An Aspirin a Day After Blood Clots

Aspirin after a blood clot may reduce risk of heart attack and stroke

(RxWiki News) A common treatment after having a blood clot is taking blood thinner medication. But many doctors will eventually take patients off medication when it's no longer necessary. Then what?

Some doctors will then recommend that patients take a daily aspirin. Will that prevent another clot?

A recent study shows that taking daily aspirin may not prevent another clot. But it might lower a patient's risk of having a heart attack or stroke or dying from a heart condition.

"Ask your doctor about aspirin."

The study, led by Timothy A. Brighton, MB, BS, in the Department of Hematology at Prince of Wales Hospital in Sydney, Australia, aimed to find out whether aspirin might help prevent a reoccurrence of blood clots in a person's veins.
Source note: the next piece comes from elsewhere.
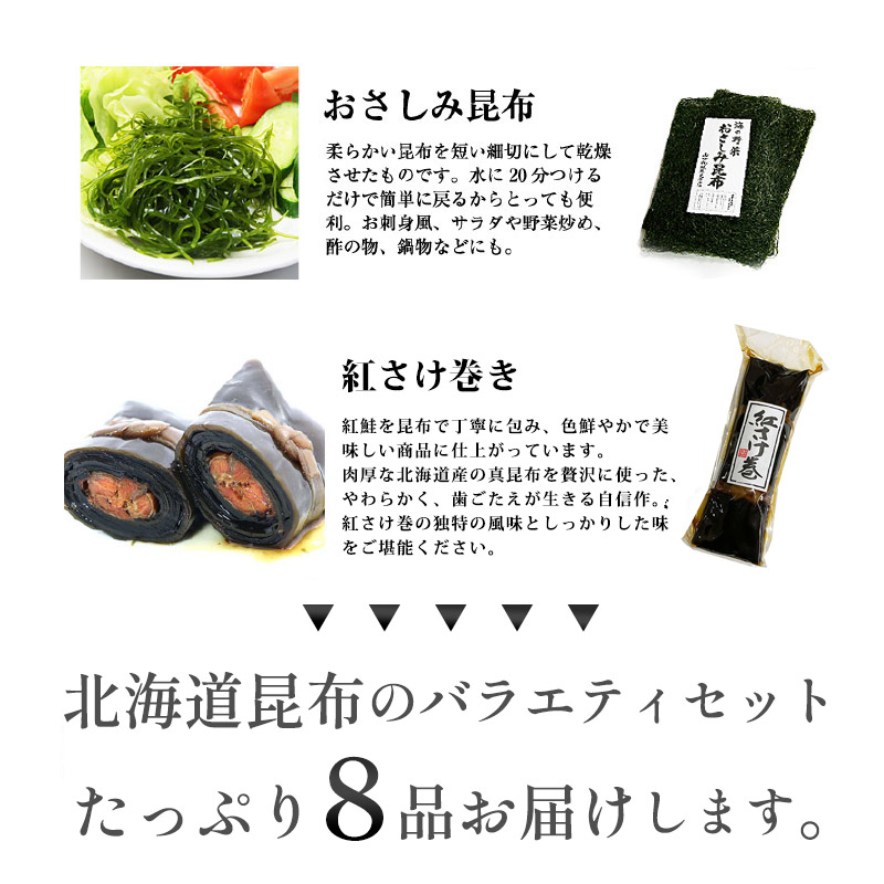 北海道産だし用真昆布(白口浜) 、がごめとろろ昆布、細切り塩昆布 函館汐花、おさしみ昆布、紅さけ昆布巻、

The study was funded partly by Bayer, which manufactures aspirin.

The researchers were focused on "venous thromboembolism," blood clots that occur in the deep veins of a person's legs or lungs (not clots in the heart or brain).

The study involved 822 patients who had finished taking blood thinners after having had a blood clot without any apparent risk factors for blood clotting ahead of time.

For up to four years, half the patients (411) took 100 mg of aspirin each day and the other half took a placebo (fake pill) daily. During the course of the study, 73 of the patients (6.5%) taking the placebo had another blood clot, compared to 47 (4.8%)of those taking aspirin.

However, mathematically, these rates are not different enough from each other to determine that the aspirin reduced the likelihood of getting another clot. The higher number among placebo patients could have been due to chance.

Yet those taking aspirin did have a more significant reduction in the number of heart attacks, strokes or deaths from a heart-related problem.

While 8 percent of those taking the placebo had a heart attack or stroke or died from a cardiovascular condition, only 5.2 percent of those taking aspirin suffered one of these outcomes. This difference was statistically not due to chance.

"Also, the investigators reported that many of the people assigned to take aspirin stopped taking it, so the study probably underestimated the potential benefits of aspirin," Sarah Samaan, MD, told dailyRx News. Dr. Samaan is a cardiologist at Legacy Heart Center in Plano, Texas, and co-director of the Women's Cardiovascular Institute at The Baylor Heart Hospital.

"Aspirin is inexpensive, relatively safe (as long as there are no underlying gastrointestinal or bleeding issues), and remarkably effective in reducing heart attacks and strokes in people at risk," Dr. Samaan said.

The two groups had similar rates of other conditions and did not show any side effects from the aspirin or placebo. However, there are possible side effects, Dr. Samaan pointed out.

"It can cause gastrointestinal side effects, including ulcers and bleeding, so it's not for everyone," she said. "Gastrointestinal side effects were one of the main reasons that people stopped taking aspirin in this study."

Even though this study showed that daily aspirin did not significantly reduce the risk of another blood clot, it did appear to reduce the risk of a heart attack, stroke or cardiovascular death.

The study was published November 4 in the New England Journal of Medicine. The research was funded by the National Health and Medical Research Council (Australia), the Health Research Council (New Zealand), the Australasian Society of Thrombosis and Hemostasis, the National Heart Foundation of Australia and Bayer HealthCare.

Five authors reporting receiving research, consulting or lecture fees from a range of pharmaceutical companies.